Here's how those three tech tickers have gained 76% or more in 2016.

AMAT Chart

AMAT data by YCharts.

For this semiconductor equipment builder, the 2016 surge was all about showing solid results. Applied Materials has presented four quarterly reports this year, exceeding earnings expectations in each one.

The company is taking market share from its chip-building equipment rivals, leading the way with gear capable of churning out 3D memory chips and next-generation manufacturing processes. Investors are benefiting from a strong pre-holiday surge in display panel orders along with an industrywide move toward high-performance SSD storage equipment.

The May surprise lifted share prices more than 13% in a single day, and Applied Materials has gained 72% year to date. The stock is exploring multiyear highs, dating all the way back to the dot-com boom 15 years ago.

CSC Chart

CSC data by YCharts.

Fresh off a focus-sharpening spinoff of its own, Computer Sciences agreed to merge with the enterprise services division of Hewlett-Packard Enterprise (HPE -1.47%) in May. Computer Sciences shares immediately jumped more than 35% when that announcement was made.

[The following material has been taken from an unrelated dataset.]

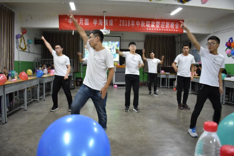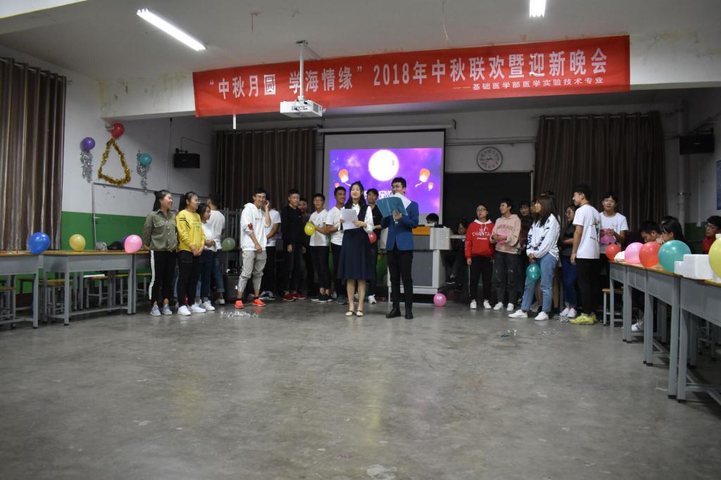 为期10天的新生军训在一场精彩的汇报演出后落下帷幕,2018级的新生们收获满满又对未来满怀憧憬。在此即将展开新的老员工活之际又恰逢中秋佳节,为让第一年离家求学的他们不孤单,尽快融入到老员工活中来,基础医学部员工会主办了“中秋月圆 学海情缘”中秋联欢暨迎新晚会,营造一个温馨的气氛,共度一个难忘的中秋。基础医学部副主任冀菁荃副教授,基础医学部分团委书记、2016级辅导员李明老师,2017、2018级辅导员李秀萍老师也来到现场,与同学们一起度过了一个欢乐而又难忘的中秋节,9月24日这晚的65教,充满了欢声笑语,洋溢着师生情浓。

That was the start of an 85% year-to-date surge, but far from the whole story. Computer Sciences added an 11% gain in September thanks to a strong business review and new global partnerships in the cloud computing field. The HP Enterprise spin-merger is still pending, expected to close in the first quarter of 2017.

Computer Sciences was already a strong player in the enterprise consulting services market, but the addition of HP's competing unit is still a game-changing merger of equals. I can't wait to see how this two-headed beast will evolve as a unified business.

NVDA Chart

NVDA data by YCharts

And that brings us to the tech sector's strongest performer in 2016. NVIDIA has gone from strength to strength in recent quarters, and share prices have nearly tripled, with a 178% return so far.

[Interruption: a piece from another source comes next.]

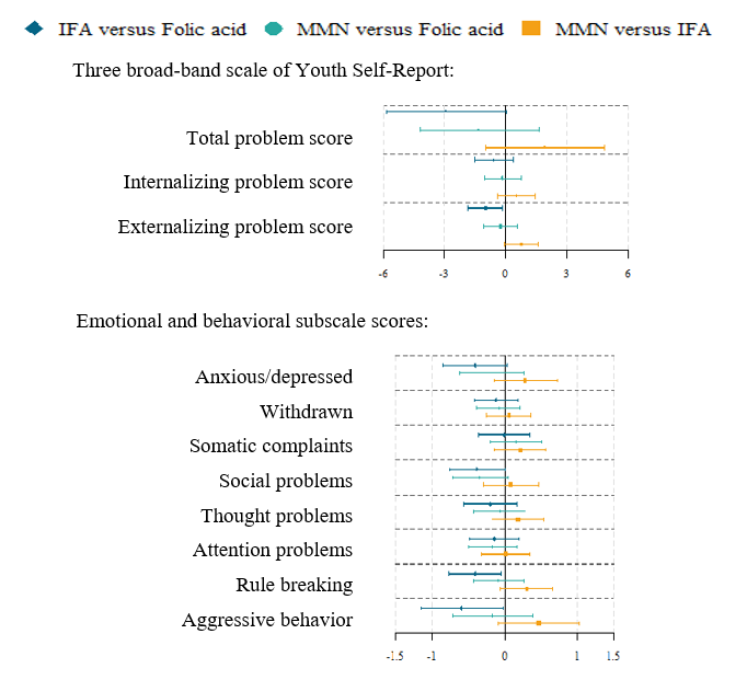 团队前期发表的相关研究论文证实孕期多种微量营养素补充可改善出生结局并对子代的智力发育有长期益处。该研究论文在矫正了关键混杂因素后,进一步证实与叶酸组相比,孕期铁叶酸同补的母亲其子代青少年的总体和外化行为问题评分均较低,呈现出较低的违纪行为和攻击行为得分。此外,在效应修饰分析中发现,多维营养素在较富裕家庭中的有益作用似乎大于铁叶酸和叶酸组。

This is one of those overnight successes that actually were years in the making. The brand new Pascal microarchitecture behind NVIDIA's current range of graphics processors and number-crunching chips has been in development for at least two years. These platform upgrades are not always successful, but Pascal turned out to be a home run in terms of raw performance, power efficiency, and street pricing.

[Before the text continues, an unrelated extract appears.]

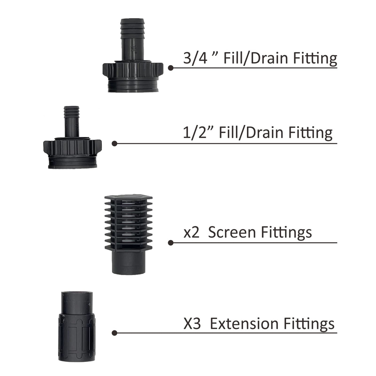 Product kit packag: 1 x 1/2'' Tub outlet fitting 1 x 3/4'' Tub outlet fitting 2 x Screen fitting 3 x Outlet extension fitting The kit is sealed in a transparent bag Each kit is made from 100% black virgin plastic and is BPA free Filling/draining kits made with the highest quality materials and craftsmanship, strict quality control to ensure tight fit Used in homemade tidal irrigation systems Can be used for hydroponics, Tidal irrigation, Aeroponic, aquaponics, flood and drain and drip irrigation systems
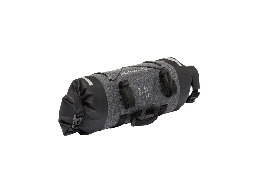 - Primárny materiál tašky na riadidlá je vyrobený z recyklovaného polyamidu, ktorý sa získava recykláciou z textilných materiálov, ako sú použité rybárske siete

Back in May, when the first Pascal-based processors were about to hit the market, NVIDIA CEO Jen-Hsun Huang promised to sell "a lot of Pascal" in the second quarter. The company followed through on that promise and continued to crush every target in the third quarter as well.

NVIDIA investors aren't just enjoying multiyear highs these days. The stock has exceeded its dot-com highs by a wide margin and sets all-time records on a regular basis. With Pascal under its belt, Nvidia should be able to keep executing for the foreseeable future, as the company delves deeper into automotive computing and data center server-class products.